Cette évaluation doit être effectuée rapidement pour répondre aux attentes des populations désireuses de retrouver leurs terres, même polluées, et de reprendre des activités économiques souvent dépendantes des ressources naturelles locales. C’est en ce sens qu’il est « important de restaurer rapidement les services environnementaux et les organismes de protection de la nature pour éviter l’émergence de nouveaux comportements néfastes pour l’environnement dans la période post-conflit », explique-t-elle.

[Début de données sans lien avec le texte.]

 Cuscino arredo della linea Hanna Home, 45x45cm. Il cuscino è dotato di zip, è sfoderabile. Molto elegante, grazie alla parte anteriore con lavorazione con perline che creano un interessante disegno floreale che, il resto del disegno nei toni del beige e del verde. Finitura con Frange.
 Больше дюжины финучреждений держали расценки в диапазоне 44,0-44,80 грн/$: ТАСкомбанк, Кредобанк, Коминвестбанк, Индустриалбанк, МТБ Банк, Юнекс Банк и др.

Marie-Ange Schellekens Gaiffe insiste aussi sur l’importance d’une gestion adaptée du retour des réfugiés à l’issue du conflit pour éviter une pression excessive sur les écosystèmes, particulièrement dans les zones urbaines, où les besoins en matériaux pour la reconstruction sont élevés, et dans les zones rurales, où l’utilisation des sols peut rapidement devenir excessive. À titre d’exemple, le rapport du PNUE sur le retour de 2 millions de réfugiés afghans en 2002 illustre bien les défis environnementaux liés aux déplacements de populations après un conflit.

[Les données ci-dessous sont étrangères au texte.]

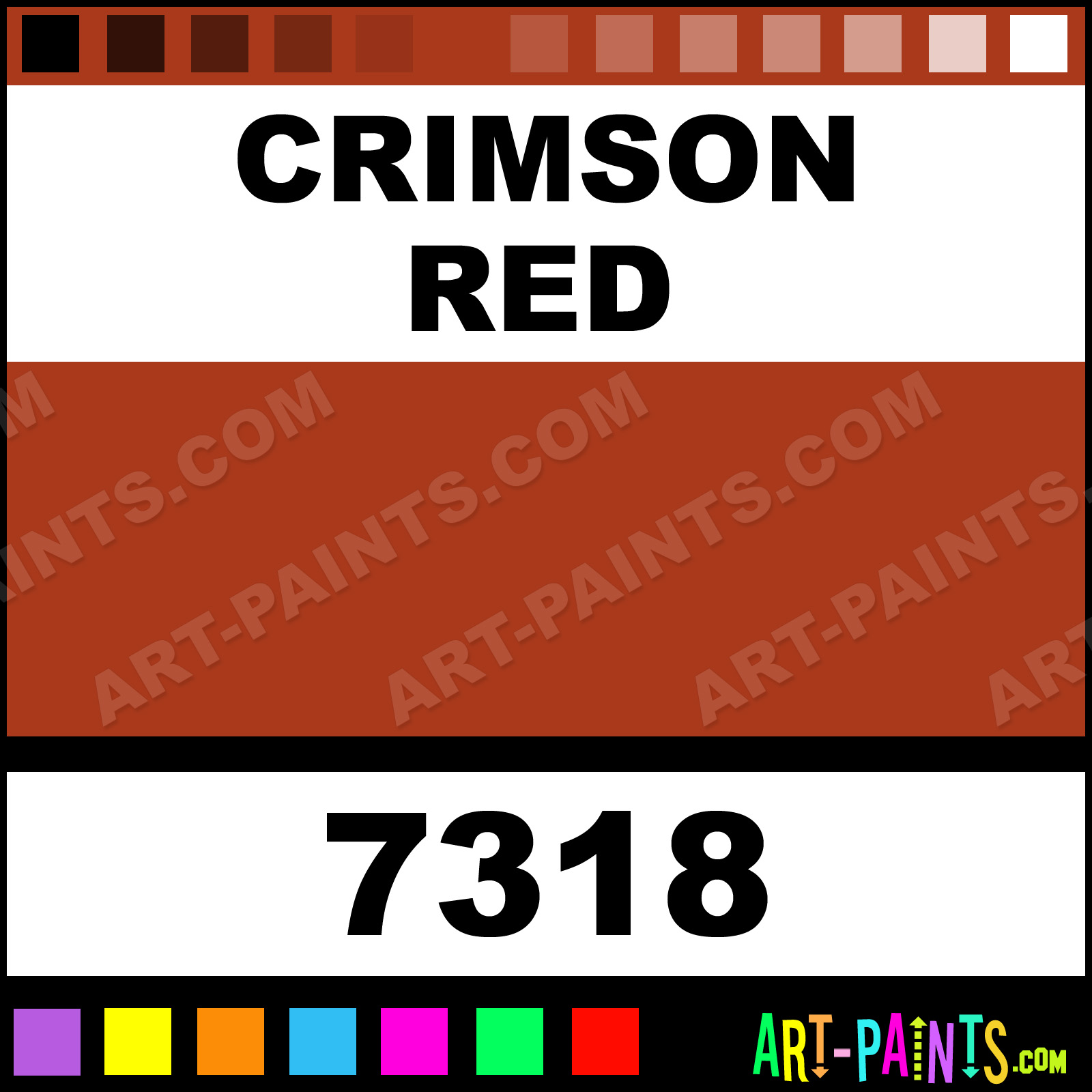 This beautiful Artist 18 Set Gouache shade is called Crimson Red, and comes from a company called Qingzhu. Their product number, along with the HTML color code, RGB, and CMYK codes are listed below. This Beautiful Shade of Crimson Red and others can be found in the Qingzhu Artist 18 Set Art Paint Gallery! Also be sure to browse through the other wonderful Professional Color Galleries to see more of Qingzhu Artist 18 Set Gouache Brand Paints and other Paint Manufacturers. And as always, Paint Paint Paint! -Art-Paints.com

En somme, la protection de l’environnement en temps de conflit nécessite une approche multidimensionnelle, intégrant des mesures juridiques, étatiques et militaires. Comme le souligne Marie-Ange Schellekens Gaiffe, « une perspective positive pour la reconstruction peut inciter à concevoir une nouvelle société plus respectueuse de l’environnement », offrant ainsi une voie vers une paix durable même après les conflits.
Pour aller plus loin
Le CICR a publié en 2020 un document de référence intitulé « Directives sur la protection de l’environnement naturel en période de conflit armé« . Ce guide propose un ensemble de pratiques et de normes à suivre pour limiter les dommages environnementaux dans les zones de conflit, en consolidant et interprétant les règles existantes en droit international humanitaire. Ces recommandations sont destinées aux États, aux forces armées, aux groupes armés non étatiques et aux autres acteurs concernés.